Because of that, I expected the verses to create a little stir at Choctaw High, bringing attention both to Kelli, as the poem’s author, and to me, as the paper’s innovative new editor.

In fact, nothing at all happened. The paper arrived
and was distributed. For the next two days I would see students perusing it idly as they sat on the steps or leaned against their lockers, and each time I would look to see if they were reading Kelli’s poem. They never were. Even Luke never read it, or at least not until I shoved it under his nose and forced him to, and after which he merely handed the paper back to me with a quick “Yeah, that’s nice.”

Kelli also seemed to take the poem’s publication without excitement. The day after the paper was distributed, she came up to me in the hall, thanked me politely for including it, then quickly darted up the central stairs to her next class.

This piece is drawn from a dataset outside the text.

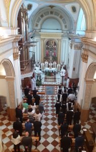 Esta lunes por la mañana ha tenido lugar la apertura oficial del curso académico 2019-2020 en el Seminario de Orihuela. Como es tradicional se ha celebrado en el marco de la festividad del arcángel San Miguel, patrono del Seminario. Toda la jornada de apertura ha estado presidida por el obispo de Orihuela-Alicante, monseñor Jesús Murgui y se ha contado también con la presencia de los obispos eméritos Rafael Palmero y Victorio Oliver y del prelado de la diócesis hermana de Albacete, Ángel Fernández Collado y de su rector. La mañana ha comenzado con la eucaristía presidida por el propio obispo en la que ha pedido a sus seminaristas que trabajen mucho su formación para “llegar a ser sacerdotes bien preparados y consolidar personalidades sólidas en un mundo líquido con un panorama social tan roto”. Les ha insistido también en la caridad, ya que, como indica el papa Francisco “la Iglesia es un hospital de campaña para curar a la gente y nuestra medicina es Cristo”. En este sentido, monseñor Murgui les ha animado a ser abiertos, cercanos, alegres y con ilusión. “Sabed que el mundo os necesita y el Señor os llama” ha culminado.

A week passed, and during that time I waited for some reaction, but beyond Luke’s “nice” and Kelli’s hurried “thank you,” there was nothing.

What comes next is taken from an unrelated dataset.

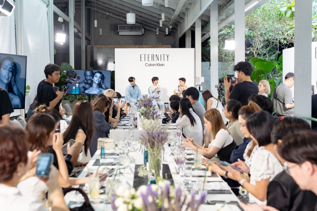 บริษัท โคตี้ โอเปอร์เรชั่น (ประเทศไทย) จำกัด หนึ่งในบริษัทด้านความงามรายใหญ่ที่สุดของโลกผู้นำเข้าและจัดจำหน่ายแบรนด์น้ำหอม CALVIN KLEIN นำโดยสองผู้บริหารระดับสูง อีลีน ลอน ผู้อำนวยการฝ่ายการตลาด และ ภาณุวัฒน์ ทองพุ่ม อำนวยการฝ่ายขาย บริษัท โคตี้ โอเปอร์เรชั่น (ประเทศไทย) จำกัด ร่วมจัดงานเปิดตัวน้ำหอมคู่ดูโอ้ใหม่ล่าสุดในไลน์ของ ETERNITY ได้แก่ ETERNITY AROMATIC ESSENCE FOR WOMEN และ ETERNITY AROMATIC ESSENCE FOR MEN น้ำหอมสองกลิ่นหอมตราบนิรันดร์ที่ครั้งนี้ได้นำเรื่องราวของความรักที่หลากหลาย หรือ Diverse Love Stories ยกย่องคุณค่าแห่งความรักเหนือกาลเ วลา นำโครงสร้างกลิ่นตระกูลน้ำมันสมุนไพร หรือ กลิ่นแนวฟูแฌร์ (Fougère) แบบดั้งเดิมมาตีความใหม่ผสานลูกเล่นท้าทายจากกลิ่นหอมของมะพร้าว สะท้อนความเสน่หาเย้ายวนอันถือเป็นมรดกสืบทอดกันระหว่างน้ำหอม ETERNITY แต่ละรุ่น ภายในงานเปิดตัวได้รับเกียรติจากสองศิลปินนักแสดงคู่ดูโอ้ชื่อดัง ซี พฤกษ์ พานิช และ นุนิว ชวรินทร์ เพริศพิริยะวงศ์ พร้อมด้วยคู่รักสุดหวานอย่าง แบม ปีติภัทร คูตระกูล และ กวาง ช้องมาศ บางชะวงษ์ คู่รักพี่น้องเพื่อนซี้นักร้องดัง บุ๊ค เบสท์ วงโอลีฟส์ เบสท์-ณิชชารีย์ กิจวิริยะธนโชติ และ บุ๊ค-ณัชชารีย์ กิจวิริยะธนโชติ ร่วมด้วย รัค ชีรีน วิศิษฐฎากุล และ ไปป์ บรม วิชญะเดชา สองคู่เลิฟสายอินฟลูฯ ที่ต่างมาร่วมงานเปิดตัวพร้อมถ่ายทอดเรื่องราวความรักในแบบ DIVERSE LOVE STORIES ด้วย ณ WH Café วังหิ่งห้อย

Then, late one afternoon, I turned from my small table in the
Wildcat
office and saw Miss Carver standing in the door, a copy of the issue in her hand.

“I read Kelli Troy’s poem in the
Wildcat
,” she said. “The rest of the issue …”

“Doesn’t live up to it,” I said, finishing what I knew to be her thought.

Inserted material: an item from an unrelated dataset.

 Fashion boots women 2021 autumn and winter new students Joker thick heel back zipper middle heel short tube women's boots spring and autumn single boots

“But maybe it could,” Miss Carver said, nodding. She stepped inside the office. “I’ve already talked to Kelli, and she’s willing to take a more active interest in the paper.” She stopped again, cautious, as if she feared offending me. “I think you two might make a good team,” she concluded.

I said nothing.

“As coeditors, I mean,” Miss Carver added.

She appeared to expect me to resist the idea, perhaps even be offended by it in some way, but I leaped to it instead.

“Well, just tell her to come down here as soon as she gets a chance,” I said.

Kelli came the next afternoon, pausing at the door a
moment, just as she had the first time, then uttering her quick “Hi.”

I stood up and walked out into the corridor, the two of us facing each other in the deserted hallway.

“Miss Carver said you were interested in working with me on the
Wildcat
. I think that’s great. You could add something to it, you know? Something different.”

She smiled for the first time, genuinely smiled, as if she found me amusing.

“Something new,” I sputtered. “Like a perspective. On Choctaw, I mean. A different point of view. Northern.”

Something in what I’d said seemed to strike her. She studied me silently, as if trying to decide if I could be taken seriously. Then she appeared to reach some sort of conclusion. “Do you have a car?” she asked.

“Just an old Chevy,” I told her, “but it runs okay.”

“Do you have time to take a drive?”

“Yeah.”

“Okay,” Kelli said. “I’ll show you something that might be interesting.”

I felt the whole school watching as Kelli and I made our way down the long walkway and headed into the parking lot. That was not the case, of course, although I did see Eddie Smathers do a double take when he glimpsed us, his eyes following us until we disappeared into the old gray Chevy.